The presence of considerable phenotypic variability among affected members of different families with identical causal mutations emphasizes the significance of the genetic background to phenotypic expression of HCM. Genes other than the causal genes that affect the phenotype are referred to as the “modifier” genes. Unlike the causal genes, modifier genes are neither necessary nor sufficient to cause HCM.¹⁴⁸ However, they influence the severity of cardiac hypertrophy, risk of SCD, and expression of other cardiac phenotypes in HCM. DNA polymorphisms, including SNPs located in the coding or regulatory regions or splice junctions in genes involved in cardiac hypertrophy, are the prime candidates to modify phenotypic expression of HCM. The specific modifier genes in HCM are largely unknown. Five modifier loci have been mapped through genome-wide linkage studies and several genes have been implicated.^{149,150,151,152,153} The effect sizes of the modifier loci are considerable, as the loci in homozygous form could influence expression of cardiac hypertrophy markedly. Functional variants of genes coding for the components of the renin-angiotensin-aldosterone system are the most extensively studied candidates. ACE, encoding angiotensin-I converting enzyme 1 (ACE-1), was the first gene implicated as a modifier of cardiac phenotype, including severity of cardiac hypertrophy and the risk of SCD in human HCM.^152,153 Observational data show cardiac hypertrophy accelerates during puberty and adolescence in patients with HCM.¹⁵⁴ The findings are in accord with the role of growth factors in contributing to expression of cardiac hypertrophy.¹⁵⁵ Differential expression of four-and-a-half domains protein 1 (FHL1) in human HCM has been shown, and alternative 5′ start usage is considered a modifier of cardiac phenotype, including sex-dependent differences, in a mouse model of HCM.^156,157 Overall, the final phenotype in HCM is determined not only by the causal mutations but also by the effects of modifier genes, environmental factors, epigenetic and epistatic factors, and posttranscriptional and posttranslational modifications of the proteins.

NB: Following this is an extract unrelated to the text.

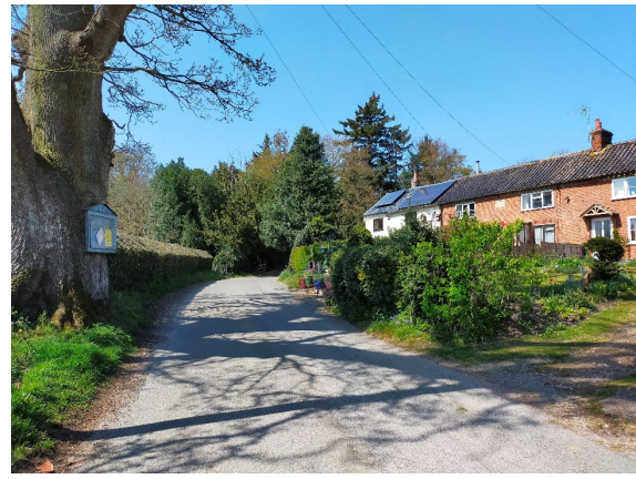
Victorian estate cottages with significant tree to the left side

Where Sunnyside turns northward up the hill, there is a range of Victorian cottages, presumed built for estate workers. There is a stone date plaque 1889 on the western range marking when it was purchased by William Ford Thursby, a parish rector, for occupation by the village poor. There are modern extensions to the rear and most have unsympathetic modern windows and doors.

Pathogenesis of Hypertrophic Cardiomyopathy

As the diversity of the causal mutations would suggest, there is no single initial defect that is common to all mutations (Table 55–9). The diversity of the clinical phenotypes, such as hypertrophic, dilated, or restrictive cardiomyopathy arising from mutations in the same gene further adds to the complexity of the pathogenesis. Topography of the causal mutation is likely to be important, as the initial defect is likely to be triggered by protein domain. Given that each sarcomere protein has multiple functions, mutations in different domains of the same protein could impart several initial defects.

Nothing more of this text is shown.